• Directions for this task:
Retype word for word the first line of the listing and each line after it up to the line with "根據(jù)中國工程機(jī", with the pictures taken out.

• Data segment:
--- START ---
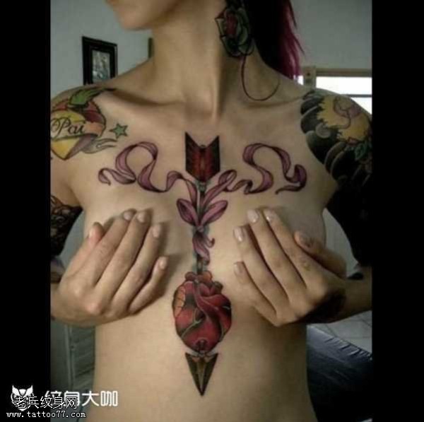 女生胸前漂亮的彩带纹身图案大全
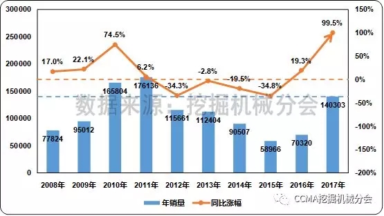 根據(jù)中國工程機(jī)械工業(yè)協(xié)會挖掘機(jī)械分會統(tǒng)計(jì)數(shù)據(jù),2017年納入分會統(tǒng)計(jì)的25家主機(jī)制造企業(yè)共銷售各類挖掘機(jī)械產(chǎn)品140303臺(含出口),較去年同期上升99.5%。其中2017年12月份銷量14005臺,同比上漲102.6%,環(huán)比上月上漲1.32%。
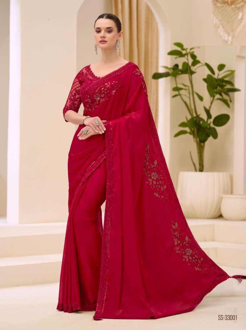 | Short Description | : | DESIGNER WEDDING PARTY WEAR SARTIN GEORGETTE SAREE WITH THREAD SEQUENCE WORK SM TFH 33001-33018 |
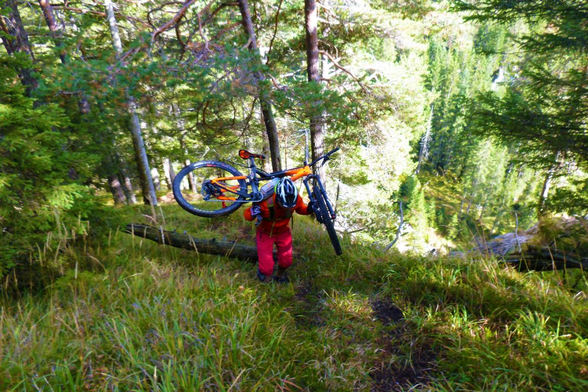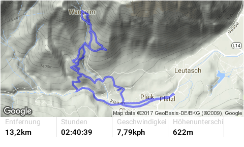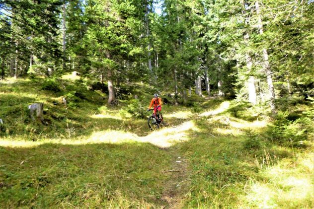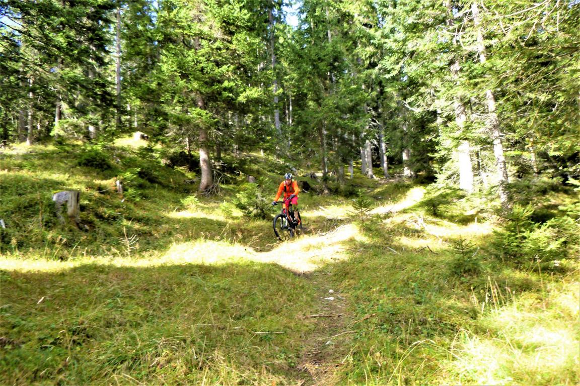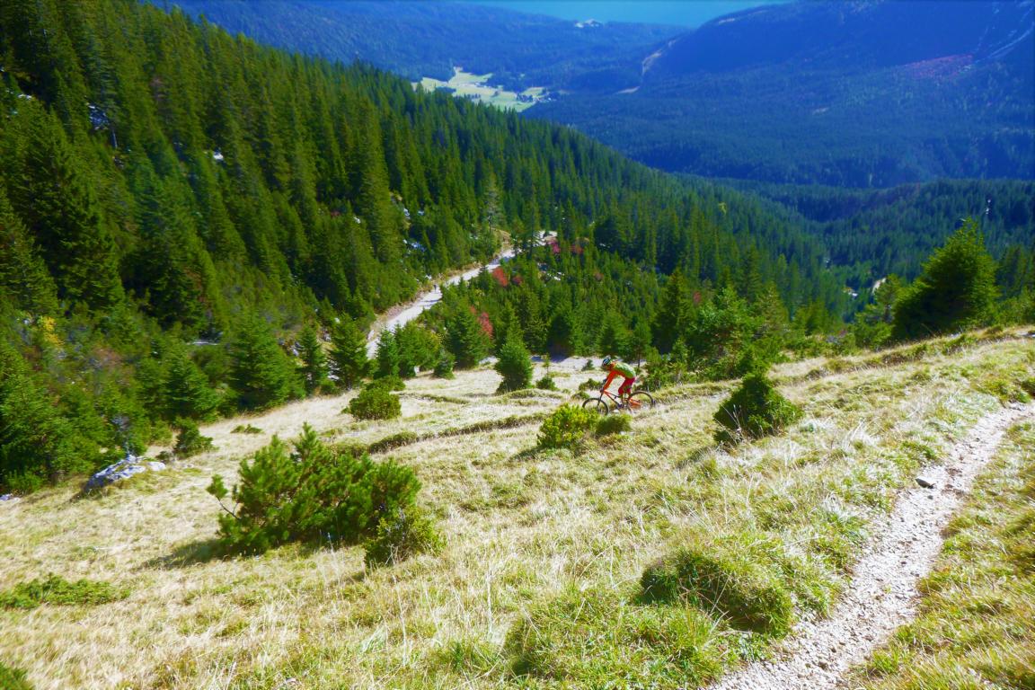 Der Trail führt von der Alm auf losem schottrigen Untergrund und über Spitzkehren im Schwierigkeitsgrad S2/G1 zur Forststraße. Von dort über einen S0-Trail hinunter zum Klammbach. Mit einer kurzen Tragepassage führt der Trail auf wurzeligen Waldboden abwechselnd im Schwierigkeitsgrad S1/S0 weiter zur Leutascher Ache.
--- END ---
• Answer area:
 女生胸前漂亮的彩带纹身图案大全
 根據(jù)中國工程機(jī)械工業(yè)協(xié)會挖掘機(jī)械分會統(tǒng)計(jì)數(shù)據(jù),2017年納入分會統(tǒng)計(jì)的25家主機(jī)制造企業(yè)共銷售各類挖掘機(jī)械產(chǎn)品140303臺(含出口),較去年同期上升99.5%。其中2017年12月份銷量14005臺,同比上漲102.6%,環(huán)比上月上漲1.32%。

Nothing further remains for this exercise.